Saturday, November 28, 2009

Fish

It's one week before the birth of my baby and I have many ultrasound photos capturing her adventure from the earliest embryo inside the womb. It is hard not to feel awestruck watching her growth from a humble-looking yolk sac to a lovely one with brain, heart, nose and legs.

Having a wife as an obstetrician means abundant opportunity for me to watch and adore my yet-to-be-born baby's face. Sure, the photos of her face invite lots of oohs and aahs from our enthusiastic friends and families. "Amazing! The nose looks like mum's and her mouth resembles dad's…"

In no ways is her face to be confused with others. No one will be surprised that we're obsessed with the question how different and unique our baby is to be. I really believe it's so.

After my recent bedtime reading of Neil Shubin's Your Inner Fish, however, I start to look at our body in another way.

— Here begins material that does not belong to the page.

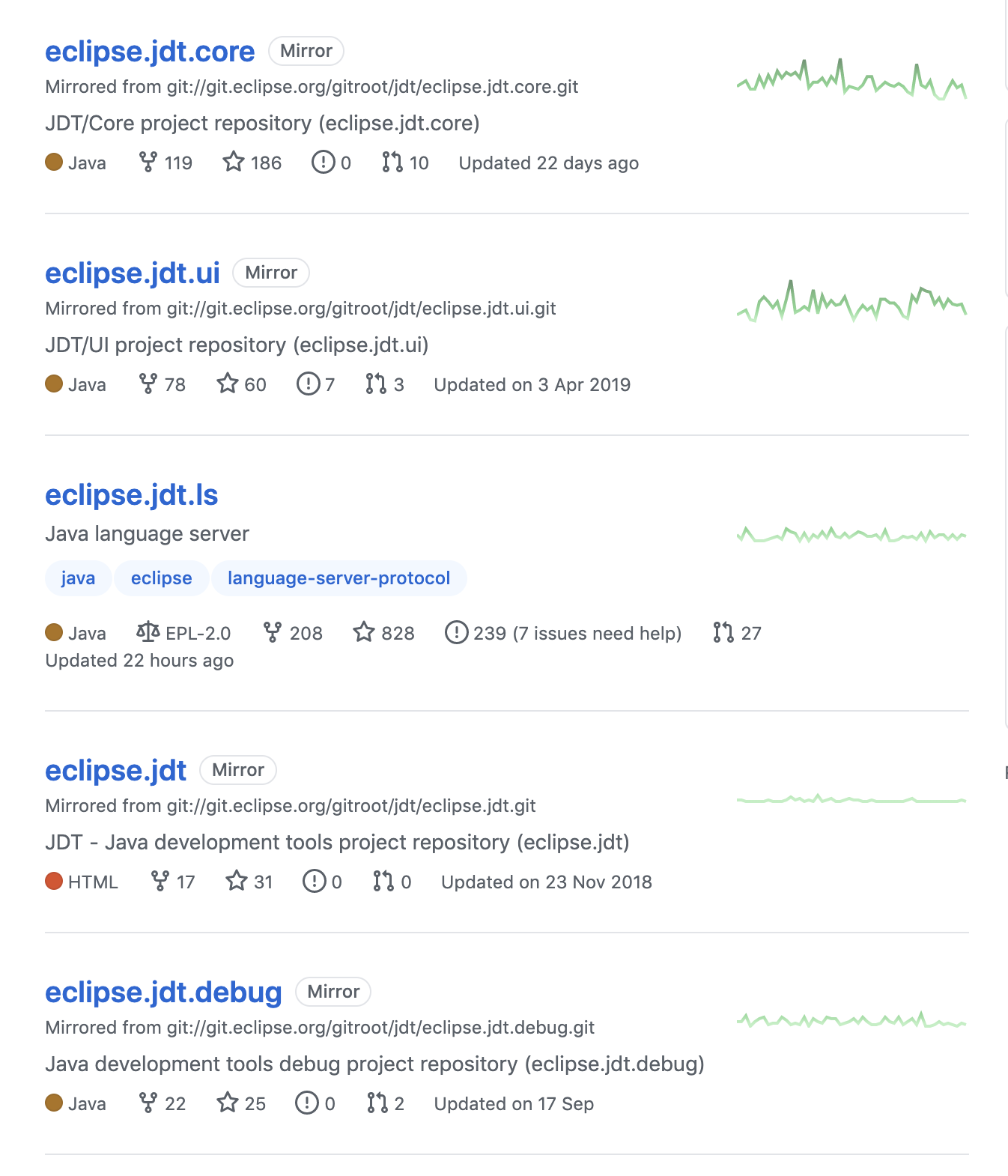 GitHub에서 jdt 리포지토리를 찾아보면 몇 가지로 나뉘어 있음을 알 수 있다.

It turns out that we all look incredibly alike, instead of being unique in oneself. In his entertaining book, the distinguished paleontologist showed me all the exciting similarity between our anatomy and that of mammals, reptiles, and even fish. The chapter on the twelve pair of cranial nerves is the funniest. Most medical students, writes Shubin, should have had lost their ways amidst the maze of these twelve nerves, branching to take bizarre twists and turns inside the skull. Complicated as they are – believe it or not – cranial nerves inside our head shared a remarkable and elegant blueprint with every skull on earth. This applies, alas, to that of a shark, a bony fish, a salamander, or a human. Quite contrary to my imagination, virtually all of our cranial nerves are present in sharks, for instance. The parallels go deeper than having the equivalent trigeminial nerves, facial nerves, glossopharyngeal nerves, vagus nerves: these equivalent nerves in humans and our aquatic cousins supply similar structures, and they even exit the brain in the same order.

The message from Neil Shubin is clear: we're profoundly similar to each other. We are.